Она думала об этом, лежа с ним рядом в постели после того, как он открыл ей правду, поглаживая пальцами его руку, которая не была рукой Джорджа Орсона. «Я никогда больше не поговорю с Джорджем Орсоном», — подумала она и отдернула пальцы.
Он лежал рядом — то же физическое тело, с которым она уже так долго вместе, и теперь не может не чувствовать одиночество.
«Ох, Джордж. Я по тебе скучаю».
Снова об этом думает, сидя рядом с Дэвидом Фремденом в самолете, пытаясь собраться с мыслями.
Она скучает по Джорджу Орсону. Никогда с ним больше не поговорит.
Никогда не бывала прежде в самолете, ощущала чудовищное немыслимое расстояние между собой и землей. Чувствовала, как клубится под ногами воздух, содрогается пустое пространство, старалась не смотреть в иллюминатор.
Ничего, если выглянуть и увидеть плотные, взбитые, как меренга, контуры облаков — хуже, когда просвечивает земля. Топография. Геометрическое распределение человеческих жилищ, крошечные карандашные штрихи полей и дорог, квадратные россыпи городов — трудно не думать, что будет при падении, долго ли будешь лететь до земли.
В любом случае она никогда не заговорила бы об этом с Джорджем Орсоном. Не пожелала бы выглядеть в глазах Джорджа Орсона невежественной деревенщиной, одолеваемой глупым страхом перед воздушными путешествиями, вцепившейся ногтями в мягкие ручки кресла, как в якорь.
Тем временем Дэвид Фремден полон самообладания. Смотрит на миниатюрный телеэкран, вмонтированный в подголовник переднего кресла, задержался на программе о пирамидах по историческому каналу, быстро переключился на новости и погоду, ностальгически улыбнулся над серией старой комедии положений 1980-х годов. Не смотрел на нее, но держал руку на локте.
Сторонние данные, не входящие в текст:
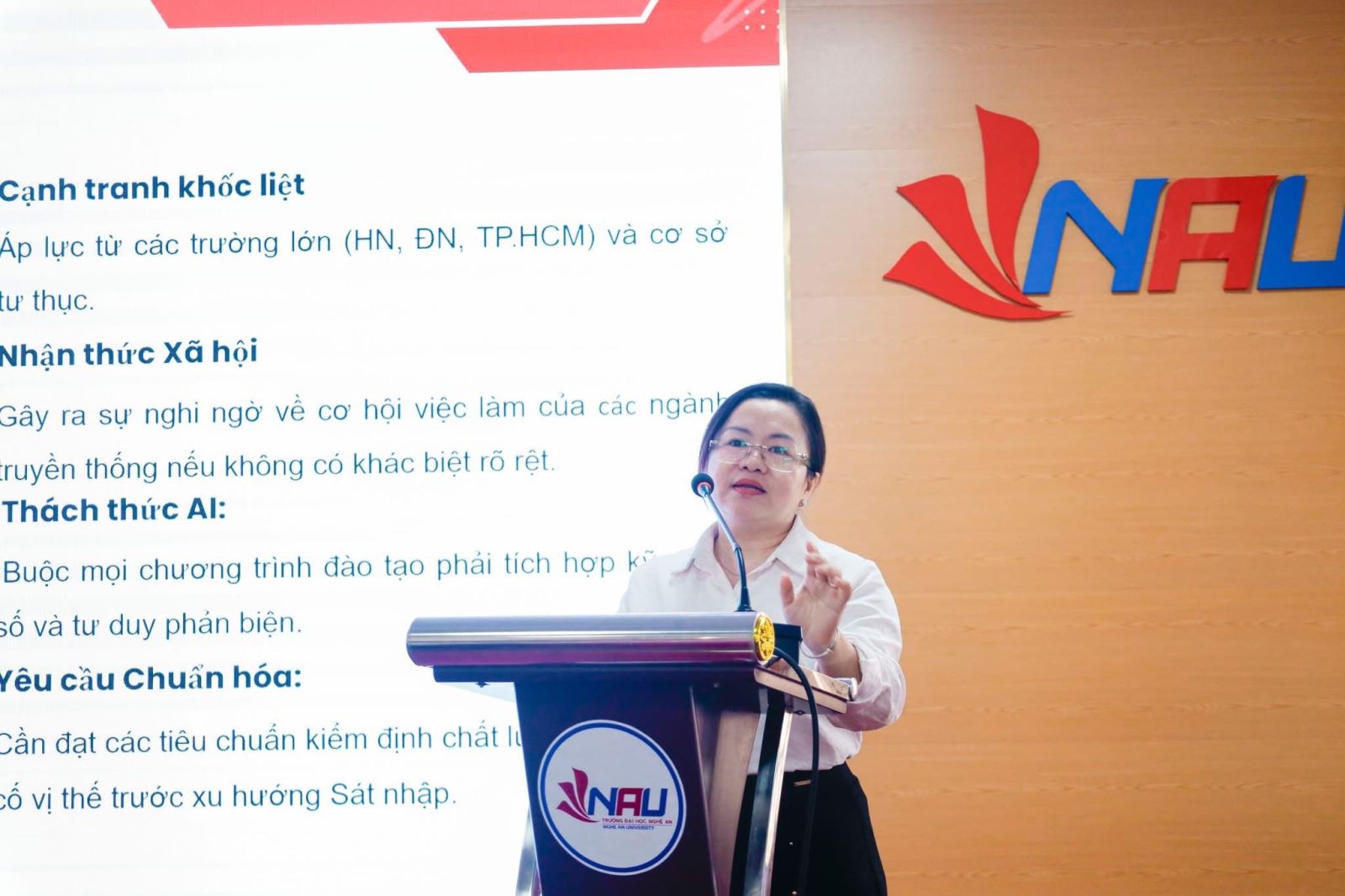 Hội nghị đã tiến hành thảo luận, trao đổi với nhiều ý kiến tâm huyết, qua đó đưa ra nhiều giải pháp, định hướng mới trong công tác tuyển sinh năm 2026, trong đó khoa Kế toán - kiểm toán tham gia với tham luận "Giải pháp nâng cao công tác tuyển sinh tại Trường Đại học Nghệ An năm 2026 và những năm tiếp theo". Với những kết quả đạt được trong công tác tuyển sinh năm 2025, tập thể sư phạm nhà Trường sẽ tiếp tục nỗ lực, quyết tâm hướng đến một mùa tuyển sinh 2026 với những thành công cao nhất, góp phần thực hiện nhiệm vụ đào tạo nguồn nhân lực chất lượng cao phục vụ cho sự phát triển kinh tế - xã hội.

— Ведь ты еще любишь меня, правда? — спросил он, и вопрос запульсировал, будто она его принимала через кончики его пальцев.
Впрочем, надо помнить и о другом. Теперь события развиваются быстро. Мир продолжает вертеться, необходимо принять кое-какие решения, даже не располагая надежной информацией. В банке в Кот-д’Ивуаре в Африке предположительно лежат четыре миллиона триста тысяч долларов. В данный момент у них при себе как минимум сто с лишним тысяч.
В ручном багаже, заброшенном в сетку прямо над головой, — пока все хорошо, но это тоже источник беспокойства.
Последний вечер в мотеле «Маяк» они провели бок о бок в библиотеке, каждый с катушкой целлофановой ленты, каждый с пачкой стодолларовых бумажек.
Перед Дэвидом большой старый атлас 25×20, перед Люси словарь и роман Диккенса, и они сидели, приклеивая банкноты к страницам.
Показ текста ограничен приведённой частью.